4. Data Collection Mechanisms
4.1. Overview of Operations
The diagnostic mechanisms described in this document are primarily
intended to detect and locate failures or monitor performance in P2P
overlay networks. It provides mechanisms to detect and locate
malfunctioning or badly behaving nodes including disabled nodes,
congested nodes and misrouting peers. It provides a mechanism to
detect direct connectivity or connectivity to a specified node, a
mechanism to detect the availability of specified resource records
and a mechanism to discover P2P overlay topology and the underlay
topology failures.
The RELOAD diagnostics extensions define two mechanisms to collect
data. The first is an extension to the RELOAD Ping mechanism,
allowing diagnostic data to be queried from a node, as well as to
diagnose the path to that node. The second is a new method,
PathTrack, for collecting diagnostic information iteratively.
Payloads for these mechanisms allowing diagnostic data to be
collected and represented are presented, and additional error codes
are introduced. Essentially, this document reuses RELOAD
[RFC6940]specification and extends them to introduce the new
diagnostics methods. The extensions strictly follow how RELOAD
specifies message routing, transport, NAT traversal, and other RELOAD
protocol features.
Song, et al. Expires September 25, 2016 [Page 5]

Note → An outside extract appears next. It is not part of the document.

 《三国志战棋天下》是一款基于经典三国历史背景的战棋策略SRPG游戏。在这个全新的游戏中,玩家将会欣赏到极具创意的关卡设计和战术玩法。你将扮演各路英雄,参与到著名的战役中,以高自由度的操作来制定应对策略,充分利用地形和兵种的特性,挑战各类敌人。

Internet-Draft P2P Overlay Diagnostics March 2016
This document primarily describes how to detect and locate failures
including disabled nodes, congested nodes, misrouting behaviors and
underlying network faults in P2P overlay networks through a simple
and efficient mechanism. This mechanism is modeled after the ping/
traceroute paradigm: ping [RFC0792] is used for connectivity checks,
and traceroute is used for hop-by-hop fault localization as well as
path tracing. This document specifies a "ping-like" mode (by
extending the RELOAD Ping method to gather diagnostics) and a
"traceroute-like" mode (by defining the new PathTrack method) for
diagnosing P2P overlay networks.
One way these tools can be used is to detect the connectivity to the
specified node or the availability of the specified resource-record
through the extended Ping operation. Once the overlay network
receives some alarms about overlay service degradation or
interruption, a Ping is sent. If the Ping fails, one can then send a
PathTrack to determine where the fault lies.
The diagnostic information can only be provided to authorized nodes.

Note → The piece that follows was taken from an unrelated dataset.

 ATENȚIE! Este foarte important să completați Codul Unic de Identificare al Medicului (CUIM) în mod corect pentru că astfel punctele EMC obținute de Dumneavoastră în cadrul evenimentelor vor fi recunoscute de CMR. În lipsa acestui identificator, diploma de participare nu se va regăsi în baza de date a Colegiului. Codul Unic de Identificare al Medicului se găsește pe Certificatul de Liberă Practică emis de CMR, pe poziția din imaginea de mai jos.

Some diagnostic information can be provided to all the participants
in the P2P overlay, and some other diagnostic information can only be
provided to the nodes authorized by the local or overlay policy. The
authorization depends on the type of the diagnostic information and
the administrative considerations, and is application specific.
This document considers the general administrative scenario based on
diagnostic Kind, where a whole overlay can authorize a certain kind
of diagnostic information to a small list of particular nodes (e.g.
administrative nodes). That means, if a node gets the authorization
to access a diagnostic Kind, it can access that information from all
nodes in the overlay network. It leaves the scenario where a
particular node authorizes its diagnostic information to a particular
list of nodes out of scope. This could be achieved by extension of
this document if there is requirement in the near future. The
default policy or access rule for a type of diagnostic information is
"deny" unless specified in the diagnostics extension document. As
the RELOAD protocol already requires that each message carries the
message signature of the sender, the receiver of the diagnostics
requests can use the signature to identify the sender. It can then
use the overlay configuration file with this signature to determine
which types of diagnostic information that node is authorized for.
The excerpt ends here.